■ Record excerpts:
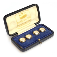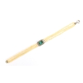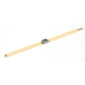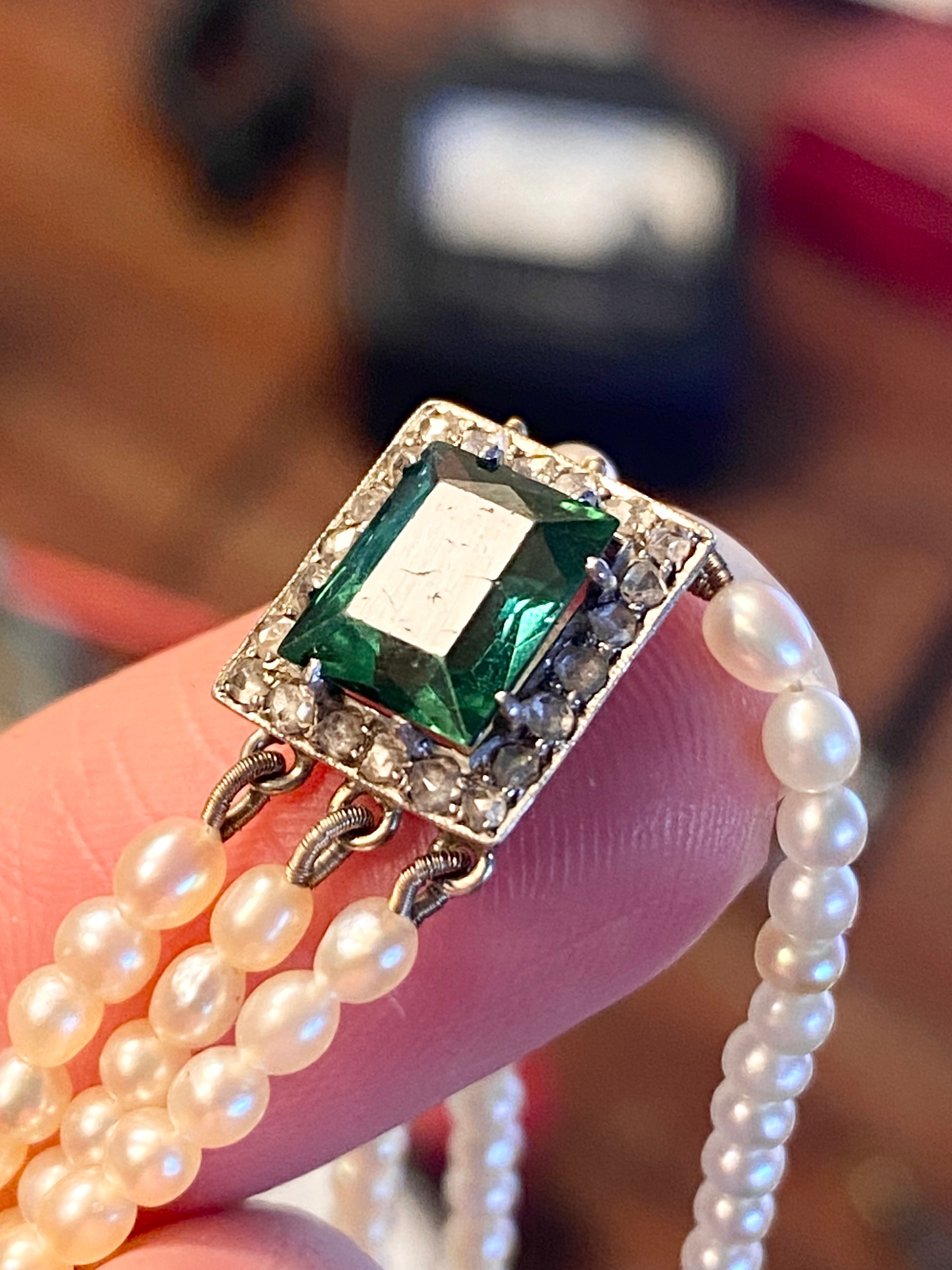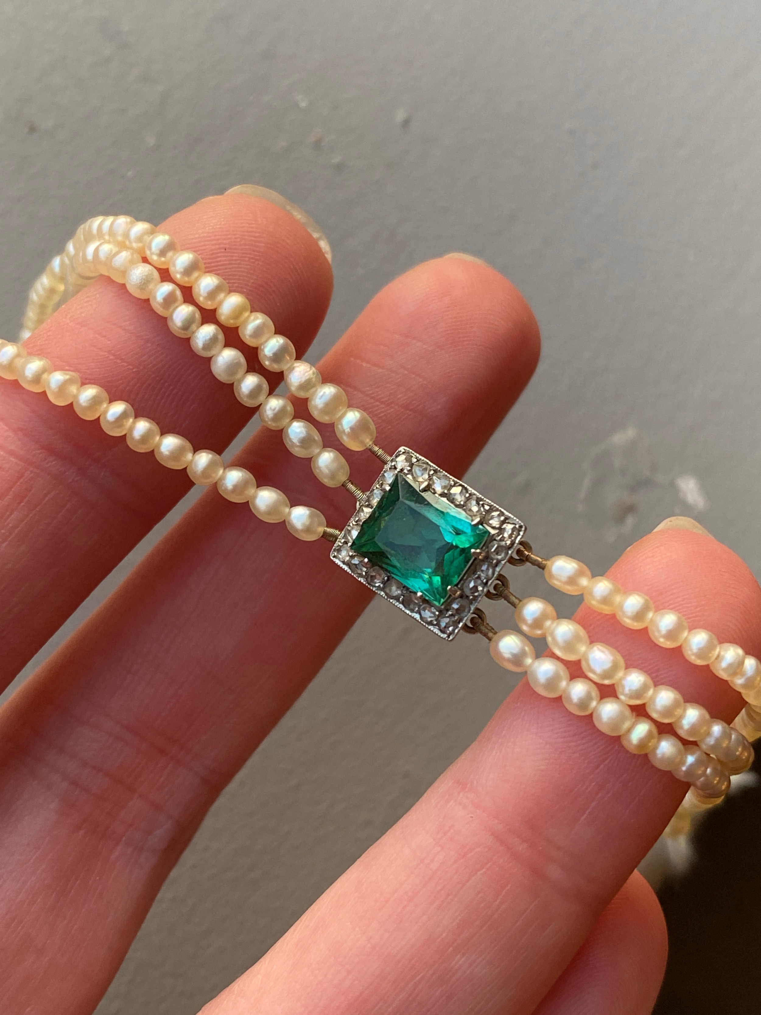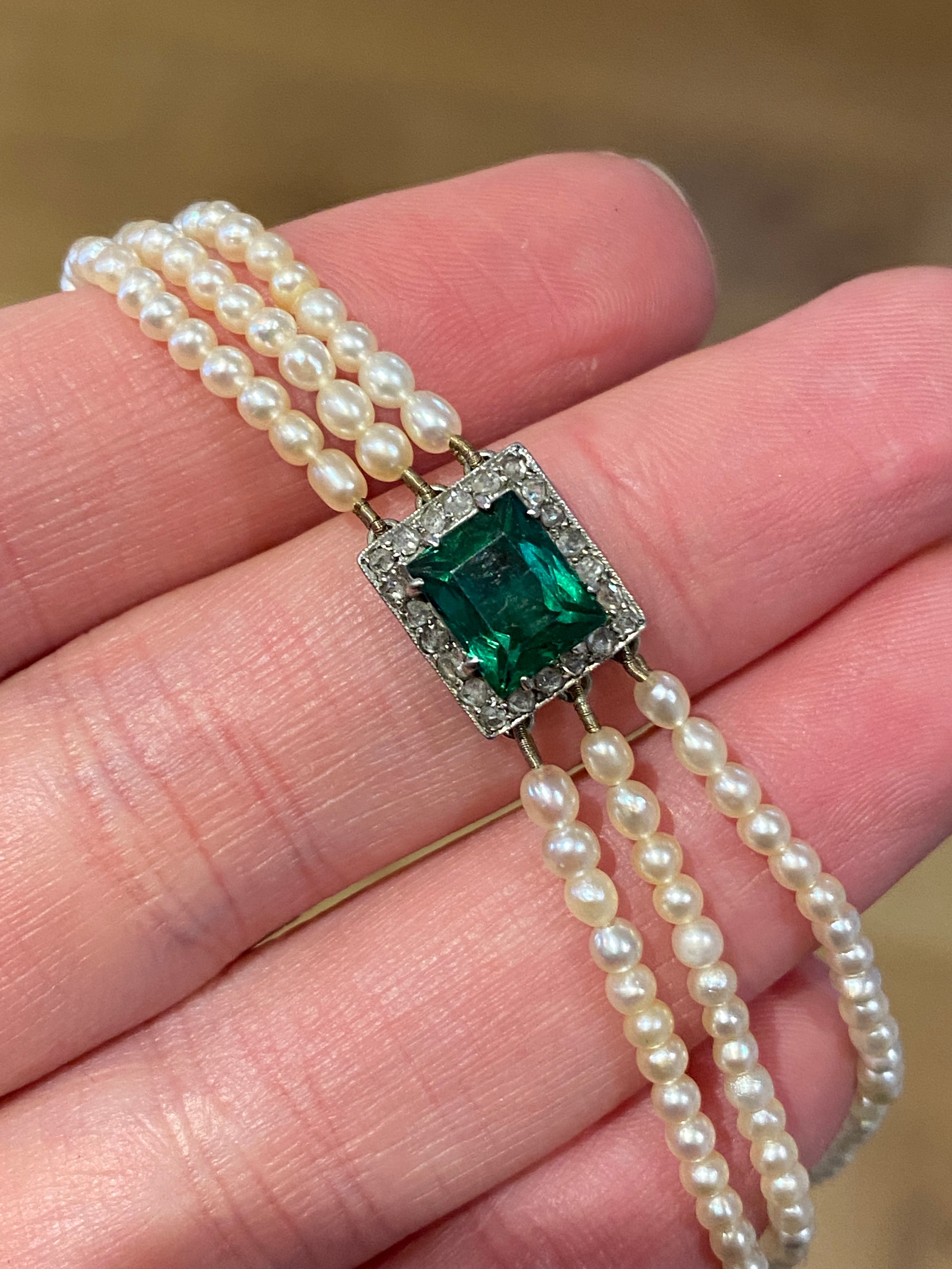 An Edwardian three strand seed pearl bracelet with central rectangular bluish-green tourmaline surrounded by a border of diamonds, the tourmaline 7.9x6.5mm, 16cm long unclasped, 6.3g
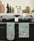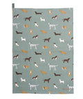 This (100% cotton) tea towel features illustrations of dachshunds, cockapoos, dalmatians, jack russells, west highland terriers, cocker spaniels, springer spaniels, British bulldogs and chocolate brown labradors on a sage blue background.
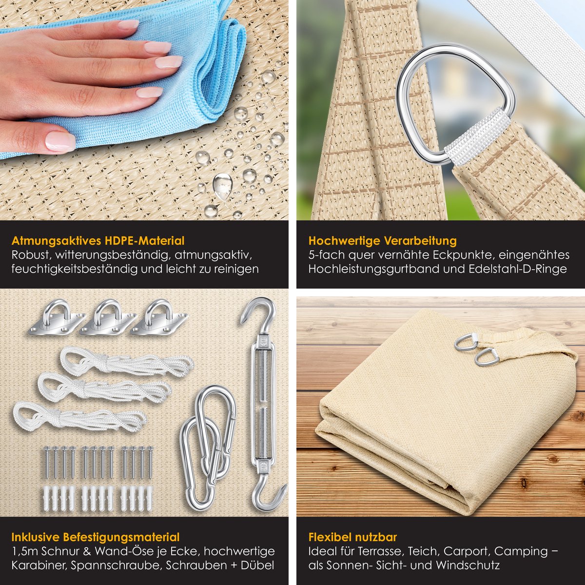 KESSER zonnescherm van robuust en weerbestendig HDPE, ademend doek voorkomt warmteophoping, schaduwfactor van ca. 85%, veelzijdig te gebruiken voor perfecte schaduw, ongecompliceerde montage
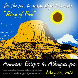 On May 20th, the first annular eclipse in 18 years will be visible from the United States. Albuquerque, New Mexico is said to be the best urban location to view this “ultimate astronomical event.” An annular eclipse occurs when the moon covers most of the sun’s disk leaving a thin ring of light around the edge appearing as a “ring of fire.”
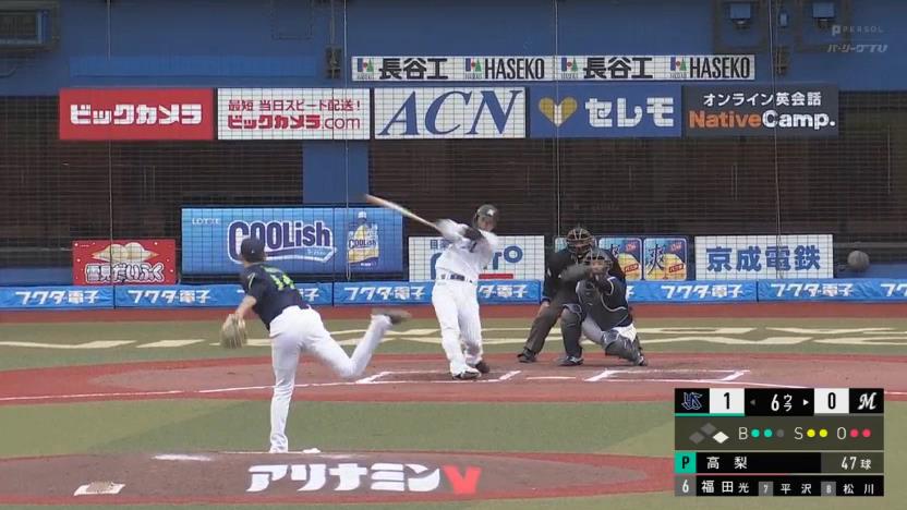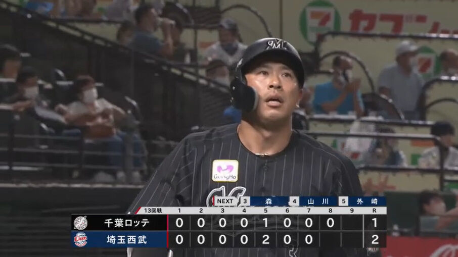 ロッテ角中勝也(35) 三振率.391(64-25)
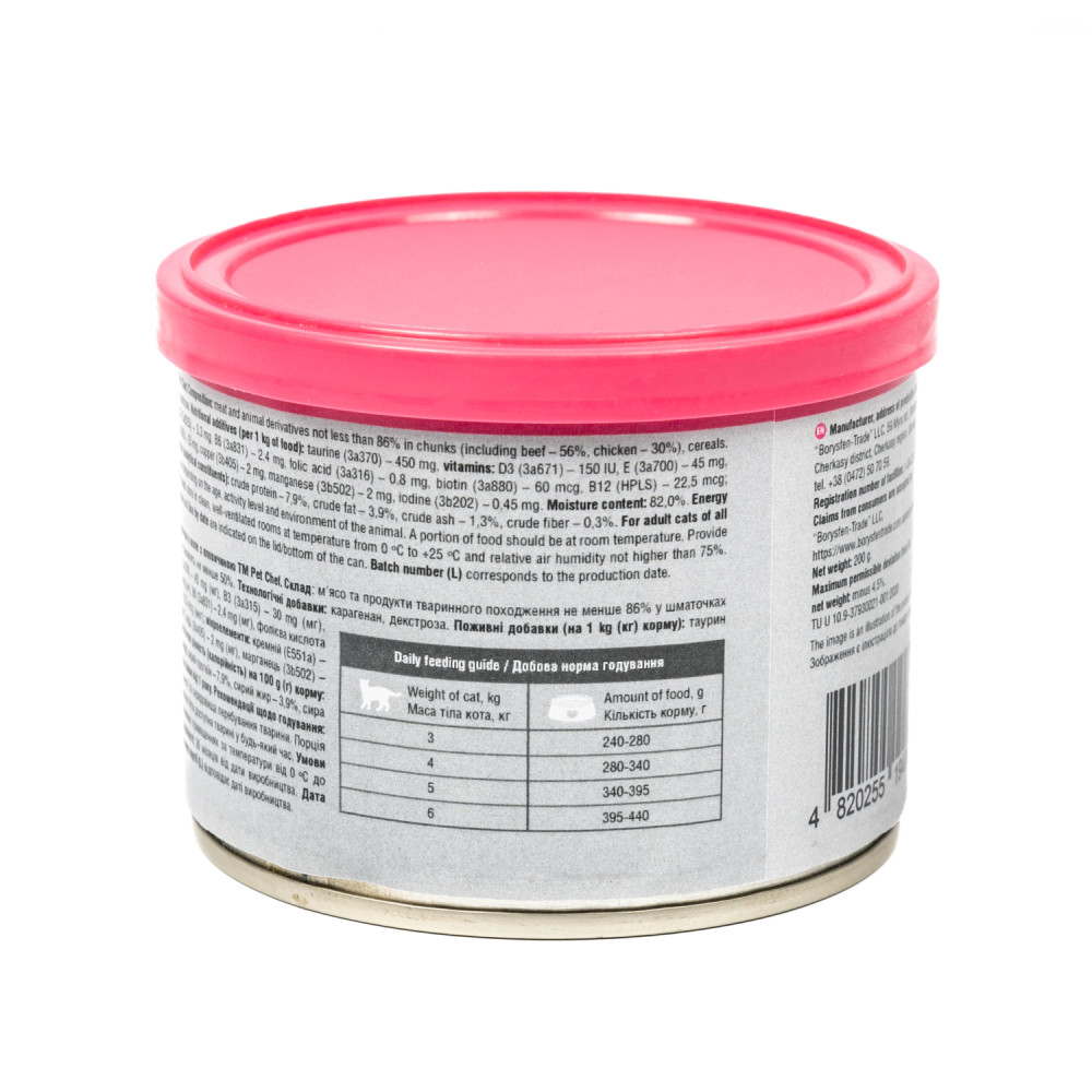 М'ясні шматочки Pet Chef містять таурин – незамінну амінокислоту, яку котячий організм самостійно не виробляє й отримує тільки у складі їжі.
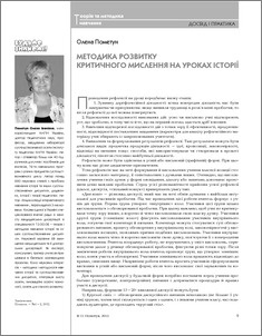 - Пометун, Олена Іванівна (2012) Methods of development of critical thinking on the lessons of history Історія і суспільствознавство в школах України: теорія та методика навчання (4). pp. 9-13.

■ What you have to do:
The required answer is an exact, picture-free copy of the lines from the opening of the listing above through the line with "М'ясні шматочки Pet".

■ Your response:
 An Edwardian three strand seed pearl bracelet with central rectangular bluish-green tourmaline surrounded by a border of diamonds, the tourmaline 7.9x6.5mm, 16cm long unclasped, 6.3g
 This (100% cotton) tea towel features illustrations of dachshunds, cockapoos, dalmatians, jack russells, west highland terriers, cocker spaniels, springer spaniels, British bulldogs and chocolate brown labradors on a sage blue background.
 KESSER zonnescherm van robuust en weerbestendig HDPE, ademend doek voorkomt warmteophoping, schaduwfactor van ca. 85%, veelzijdig te gebruiken voor perfecte schaduw, ongecompliceerde montage
 On May 20th, the first annular eclipse in 18 years will be visible from the United States. Albuquerque, New Mexico is said to be the best urban location to view this “ultimate astronomical event.” An annular eclipse occurs when the moon covers most of the sun’s disk leaving a thin ring of light around the edge appearing as a “ring of fire.”
 ロッテ角中勝也(35) 三振率.391(64-25)
 М'ясні шматочки Pet Chef містять таурин – незамінну амінокислоту, яку котячий організм самостійно не виробляє й отримує тільки у складі їжі.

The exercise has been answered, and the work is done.